Trump’s foreign policy reset
By Dr. Peter Morici
Donald Trump’s recent actions, such as his conversation with Taiwan President Tsai Ing-wen and statements about China’s currency, may disturb foreign policy experts, but those mark a long overdue reset in U.S. international policy.
Since the end of World War II, the United States has promoted the freer movement of goods, capital and people — for example, through NAFTA, integrating China into the World Trade Organization and broadening the European Union — and democracy as the surest path to peace, prosperity and security.
In considerable measure those approaches worked. Wartime allies and adversaries from Poland to Japan are now bound together in a durable Western community of interests, and resorting to military confrontation to settle differences is simply unthinkable.
However, Brexit, the failure of the recent Italian government and election of Mr. Trump illustrate many voters have grown weary of globalization’s failed promises and oppressive burdens.
Since the introduction of the euro, southern European nations have seen unemployment — especially youth unemployment — soar to chronically unacceptable levels. In the United States, liberalized trade with China has slashed economic growth, left Rust Belt communities devastated by factory closures and helped create an army of indolent men — 7 million between 25 and 54 who show no interest in gainful employment.
On both continents, poorly controlled immigration and terrorism have fed off each other, and many voters have concluded what elites simply won’t admit. The West can’t spread free markets and democratic values everywhere, and the failure to recognize the limits of this policy have devastating consequences.
In the Middle East, religious radicalism makes western blind tolerance of alien cultures downright threatening to the safety of ordinary citizens walking the streets or attending public events from Brussels to San Bernardino. It threatens to dilute national cultures and makes social cohesion so necessary for tolerant civic interactions much less possible.
In China, a juggernaut has emerged that simply has no intention of conforming to the free-market norms of the global trading system or western democracy. It rigs its currency, subsidizes exports and compels foreign investors to give away their technology. As importantly, it is perfecting new means to monitor and control its citizens’ behavior. It uses its newfound wealth to remilitarize the Pacific and threatens its neighbors and, as importantly, it offers its model of autocratic state-directed capitalism as an alternative to what it sees as America’s decadent democratic economic and social order.
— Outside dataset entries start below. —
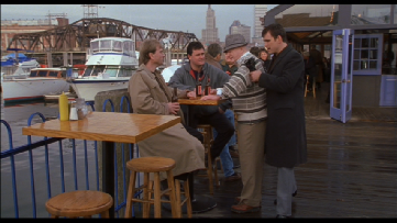 Then we see Ted drinking with Dom, filmed at the same location where we saw him meet with Healy earlier. At the Hot Club in Providence.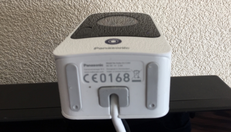 De onderkant van de camera is ook een vermelding waard. Die moet je namelijk zelf waterdicht maken. De usb-laadkabel gaat in een diepe sleuf, die je met een bijgeleverd stukje rubber zelf moet afdekken. Zo kan de Nubo Cam ook buiten worden opgehangen. Panasonic belooft dat hij stormen kan weerstaan, maar er wordt ook gewaarschuwd: de camera kan niet zwemmen. De Nubo Cam is voorzien van een IP64-certificatie.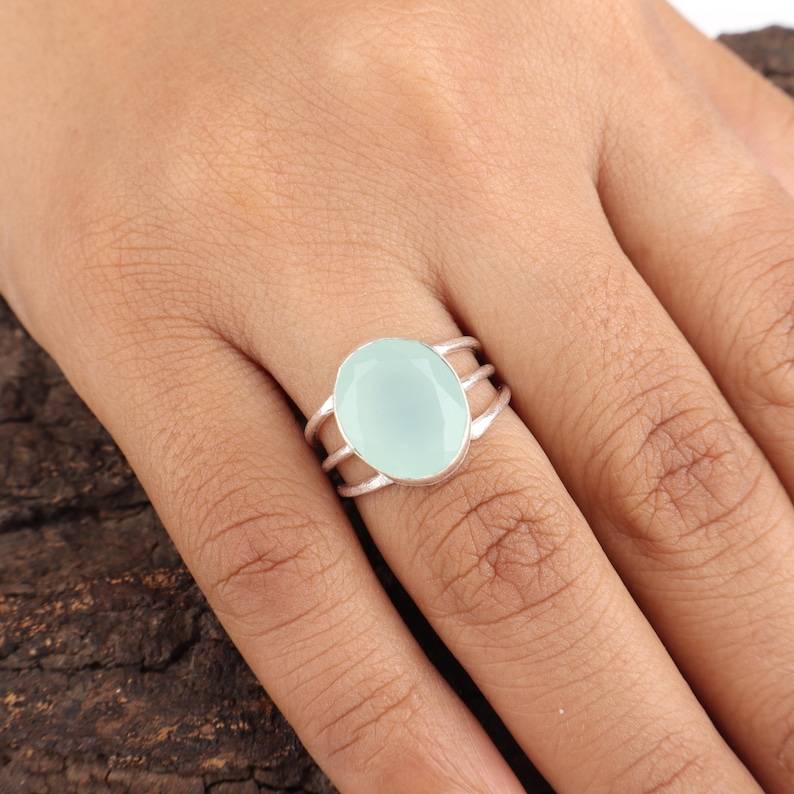 Product name:Natural Aqua Chalcedony Ring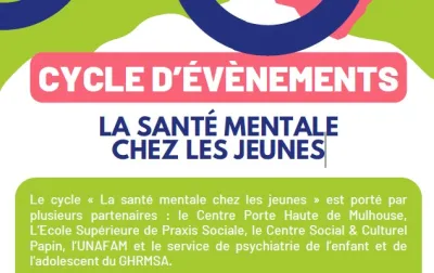 Dans une période où l'on parle beaucoup de la santé mentale des jeunes; il est proposé sur Mulhouse un cycle de 4 évènements ouverts aux professionnels ainsi qu'au grand public. L'UNAFAM du Haut-Rhin s'est associé à ses évènements. Le programme est disponible dans le fichier ci-dessous ainsi que les...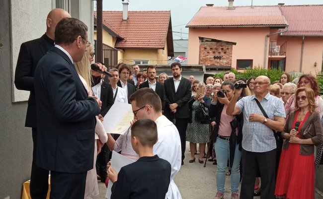 Slavlje je započelo u dvorištu mladomisnikove kuće gdje su mu roditelji Željko i Zora udijelili roditeljski blagoslov prije kojeg mu je majka uputila riječi poticaja i ohrabrenja.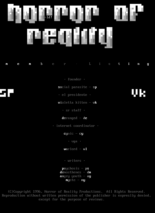 CCopyright 1996, Horror of Reality Productions. All Rights Reserved.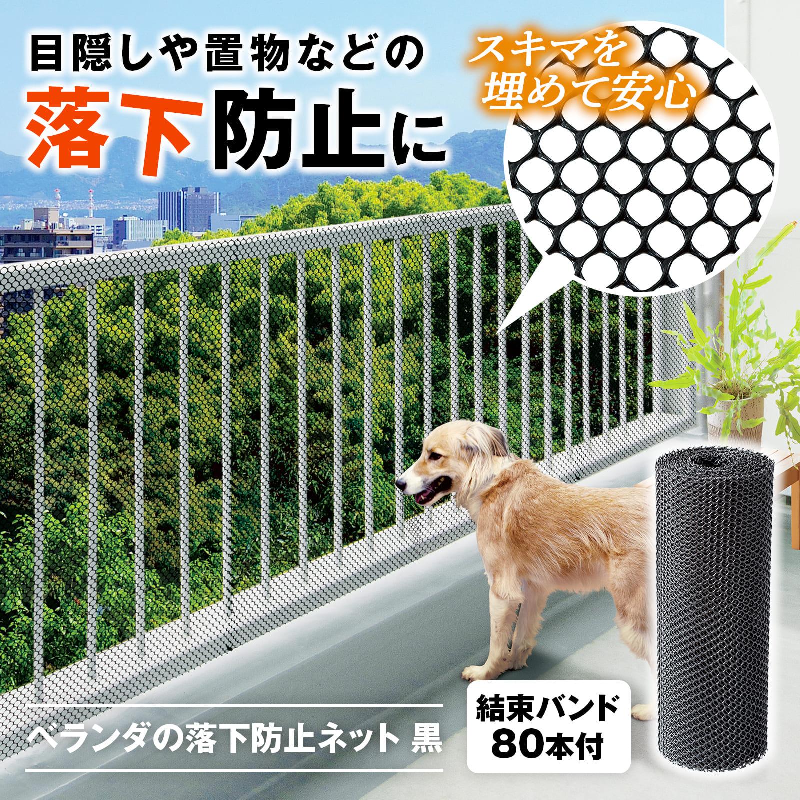 ベランダの落下防止ネット 黒 40cm×8m 結束バンド80本付き 目隠し 網 はさみでカットOK ペット 子供 鉢植 おもちゃ 害鳥 階段 ゴミ出し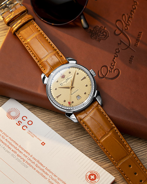 Primo esemplare con certificazione Cosc del Marchio svizzero-cubano, è animato da un movimento automatico, calibro Soprod Newton P092. Ma mantiene la tipica ispirazione vintage della collezione: la cassa di 40 mm in acciaio, priva di lunetta, con vetro zaffiro glass box e lunghe anse aggettanti, riprende i modelli della Casa degli anni 50. Il quadrante, decorato à frappage e con il doppio cartiglio, è disponibile in tre versioni: argenté, champagne e bordeaux. Edizione limitata di 282 esemplari per colore, 3.400 euro.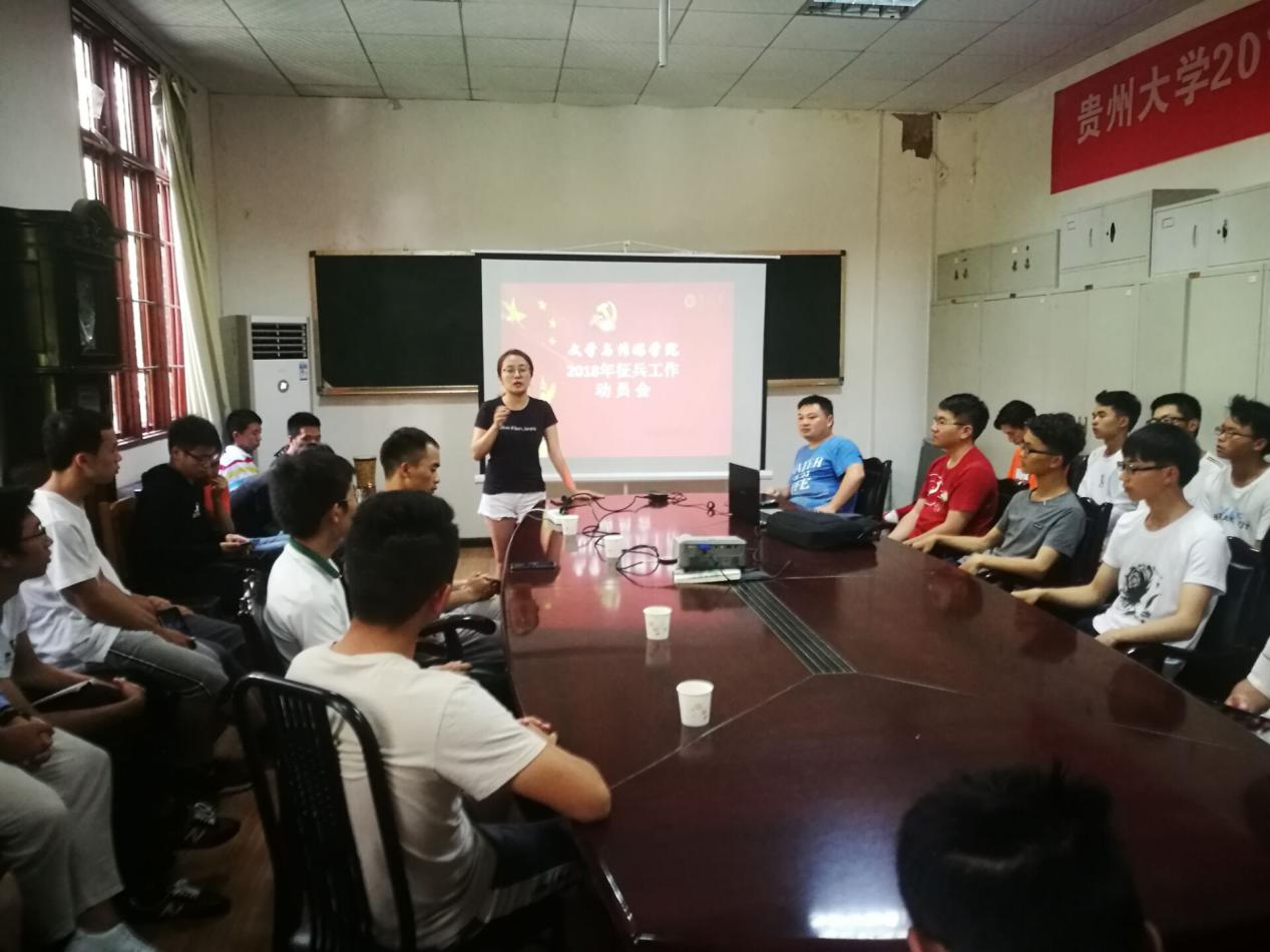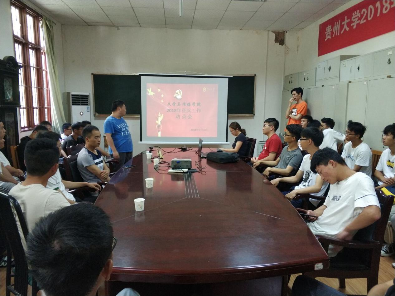 (文学与传媒学院 赵恒锋 摄影 报道)81日,贵州大学文学与传媒学院辅导员吴卿、王婷婷组织召开了“贵州大学文学与传媒学院2018年征兵工作动员会”,学院所有男同学参加会议。本次征兵工作动员会既旨在宣传大学生应征入伍各项政策,又在于鼓舞同学们携笔从戎,献身国防事业。

President Obama’s idealistic policies have enabled China’s more aggressive actions. For example, his failure to adequately counter its mercantilist trade and investment policies, his passive posture as Beijing imposed economic pressure on Taiwan for electing a government committed to continued democracy and built military installations in the South China Sea, and his scolding of Philippines leaders on vexing internal security challenges as they and leaders of Malaysia pivoted toward Beijing.
Seen in this context, Donald Trump’s continued insistence on the primacy of enforcing our borders and aggressively screening those who settle in America, renegotiating trade agreements to ensure they benefit the American economy and not some ethereal notion of global communalism, and his recent conversations with Taiwan’s President Tsai and Philippines President Rodrigo Duterte are not the compulsive machinations of a man without a governing ideology. Rather, those are merely a practical recognition that the principles undergirding American foreign policy in recent decades no longer serve us well.
America can’t simply persuade China to be democratic or respect western norms in international commerce. The best course for U.S. policy is to take strong assertive steps against actions that adversely affect American economic and security interests and those of its allies.
America can’t compel Middle Eastern societies to be more tolerant of the West or effectively coax Mexico to clean up the corruption that drives so many of its citizens to migrate north illegally. However, Washington can screen aggressively who is allowed to enter America from places hostile to our values and better enforce our southern border.
The foreign policy establishments of the Democratic and Republican parties Mr. Trump defeated in the primaries and general election may be aghast at his attitude and actions. His governing doctrine is not that of a great thinker but profoundly similar to other great men in our history.
America has to deal with the world as it finds it, not as philosophers think it should be.
Peter Morici is an economist and business professor at the University of Maryland, and a national columnist.